News / Nasional
Selasa, 28 April 2026 | 21:46 WIB
Foto sebagai ILUSTRASI: Puncak peringatan seabad Nahdlatul Ulama (NU) di depan Stadion Gelora Delta Sidoarjo, Jawa Timur, Selasa (7/2/2023). [ Foto dok. PBNU]
Baca 10 detik
  • Muktamar ke-35 NU memicu persaingan sengit antara lima poros kekuatan dalam memperebutkan kursi Rais Aam dan Ketua Umum.
  • Analisis HRM. Khalilur pada 28 April 2026 menyoroti upaya pengkondisian anggota AHWA guna menentukan arah kebijakan organisasi ke depan.
  • Potensi koalisi besar antarporos dapat memengaruhi hasil pemilihan, meskipun tradisi kiai sepuh tetap menjadi penentu utama Muktamar.

Suara.com - Dinamika menjelang Muktamar ke-35 Nahdlatul Ulama (NU) mulai menjadi sorotan. Meski secara organisatoris NU tidak mengenal istilah pasangan calon atau "paslon".

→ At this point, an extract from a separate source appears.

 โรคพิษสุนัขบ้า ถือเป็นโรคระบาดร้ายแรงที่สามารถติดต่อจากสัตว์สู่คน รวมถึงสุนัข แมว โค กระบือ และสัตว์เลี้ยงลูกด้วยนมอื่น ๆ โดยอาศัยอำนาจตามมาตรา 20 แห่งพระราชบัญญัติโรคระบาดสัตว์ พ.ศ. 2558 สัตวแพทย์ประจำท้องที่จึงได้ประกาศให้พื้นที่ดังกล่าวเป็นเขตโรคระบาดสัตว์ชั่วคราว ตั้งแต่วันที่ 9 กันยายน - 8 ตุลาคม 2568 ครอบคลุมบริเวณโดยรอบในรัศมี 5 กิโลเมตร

Namun, realita di lapangan dinilai menunjukkan adanya pergerakan poros kekuatan yang mulai mengerucut pada figur-figur tertentu.

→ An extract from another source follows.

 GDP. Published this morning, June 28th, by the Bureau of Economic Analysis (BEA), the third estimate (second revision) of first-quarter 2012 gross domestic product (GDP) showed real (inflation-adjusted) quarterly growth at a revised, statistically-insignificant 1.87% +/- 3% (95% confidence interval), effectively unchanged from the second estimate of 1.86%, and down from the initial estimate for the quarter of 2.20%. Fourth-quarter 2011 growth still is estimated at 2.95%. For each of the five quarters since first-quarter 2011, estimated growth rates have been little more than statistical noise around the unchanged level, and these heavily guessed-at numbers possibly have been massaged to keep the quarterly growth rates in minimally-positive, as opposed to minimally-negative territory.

Persaingan memperebutkan posisi Rais Aam dan Ketua Umum Tanfidziyah diprediksi akan berlangsung sengit seiring dengan kuatnya tarik-menarik kepentingan di internal organisasi Islam terbesar di dunia ini.

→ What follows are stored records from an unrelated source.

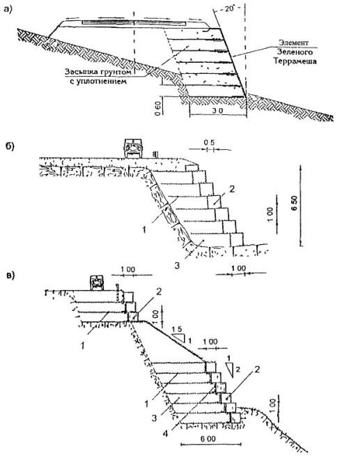 использованием геотекстиля, сборные железобетонные решетки, пневмонабрызг,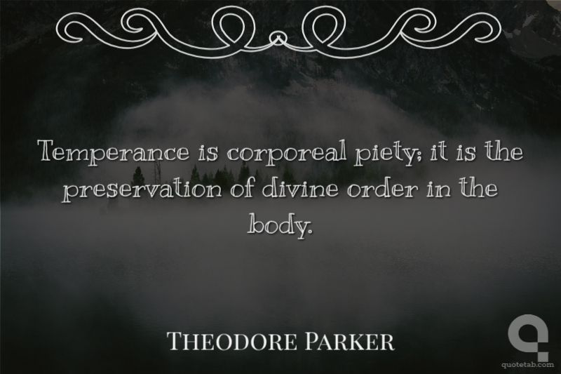 Temperance is corporeal piety; it is the preservation of divine order in the body.
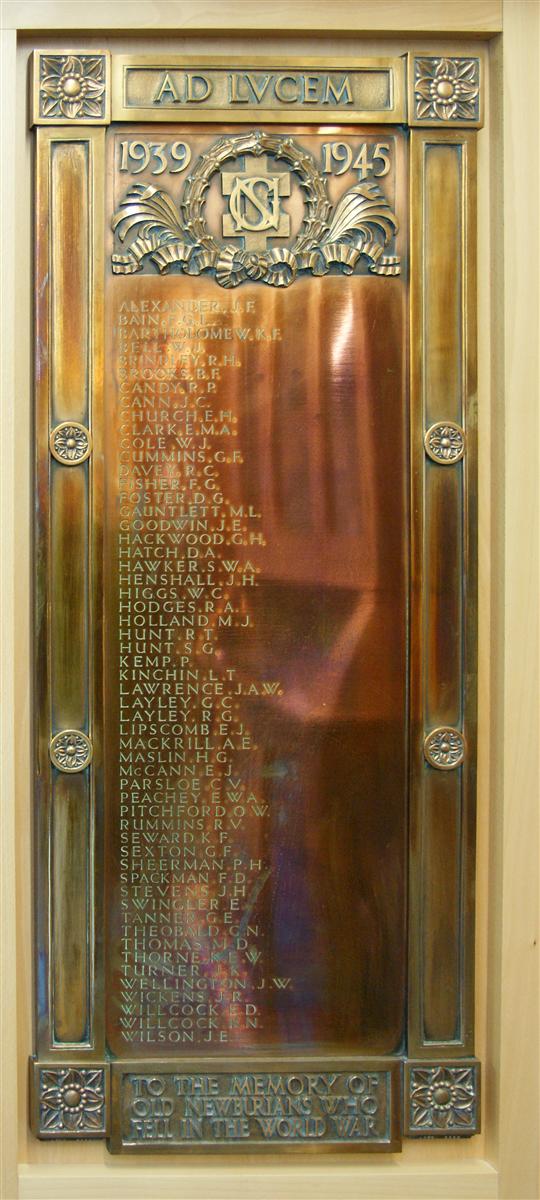 [Note: Formerly located in the Wormestall building of the old Newbury Grammar School this memorial was moved to its current location in the school reception area when the new school was built in 2010.]

Warga NU, HRM. Khalilur, memberikan analisis mendalam mengenai arah pergerakan ini.

Menurutnya, pemilihan Rais Aam yang dilakukan melalui mekanisme Ahlul Halliwal Aqdi (AHWA) tidak bisa dilepaskan dari siapa yang akan menduduki kursi Ketua Umum.

Kedua posisi ini merupakan satu kesatuan yang menentukan arah kebijakan PBNU ke depan.

"Dalam praktik politik organisasi, kepemimpinan NU tidak pernah berdiri sendiri. Ia selalu merupakan hasil dari konfigurasi dua poros sekaligus, Rais Aam dan Ketua Umum," ujar Khalilur dalam keterangannya, Selasa (28/4/2026).

Salah satu titik paling krusial dalam Muktamar kali ini adalah perebutan pengaruh dalam menentukan siapa saja kiai yang akan duduk di dalam keanggotaan AHWA.

Khalilur mengungkapkan bahwa saat ini sudah mulai terlihat pergerakan strategis yang melibatkan Sekretaris Jenderal PBNU, Saifullah Yusuf atau Gus Ipul.

Baca Juga: Forum PWNU Desak PBNU Gelar Muktamar Paling Lambat Agustus 2026, Ini Alasannya

Pergerakan ini disebut-sebut bertujuan untuk memetakan komposisi kiai yang memiliki hak suara dalam menentukan Rais Aam.

Menurutnya, narasi mengenai upaya pengkondisian anggota AHWA ini memicu tensi tinggi di internal. Persaingan tajam mulai terlihat jelas antara kubu yang menginginkan KH Miftachul Akhyar untuk tetap bertahan di posisinya, berhadapan dengan kubu yang mendorong kembalinya KH Said Aqil Siradj untuk menduduki kursi Rais Aam.

'Rivalitas' dua figur besar ini menjadi magnet utama bagi para pemilik suara di tingkat wilayah maupun cabang.

Dia lantas menjelaskan, berdasarkan pengamatan dinamika terkini, setidaknya terdapat lima poros atau "paslon" yang mulai terbaca oleh publik dan warga nahdliyin.

Poros pertama adalah poros petahana yang direpresentasikan oleh Yahya Cholil Staquf atau Gus Yahya.

Sebagai Ketua Umum saat ini, Gus Yahya dikabarkan tengah menjajaki komunikasi untuk mencari sosok Rais Aam yang dinilai tepat dan selaras dengan visi transformasinya di PBNU.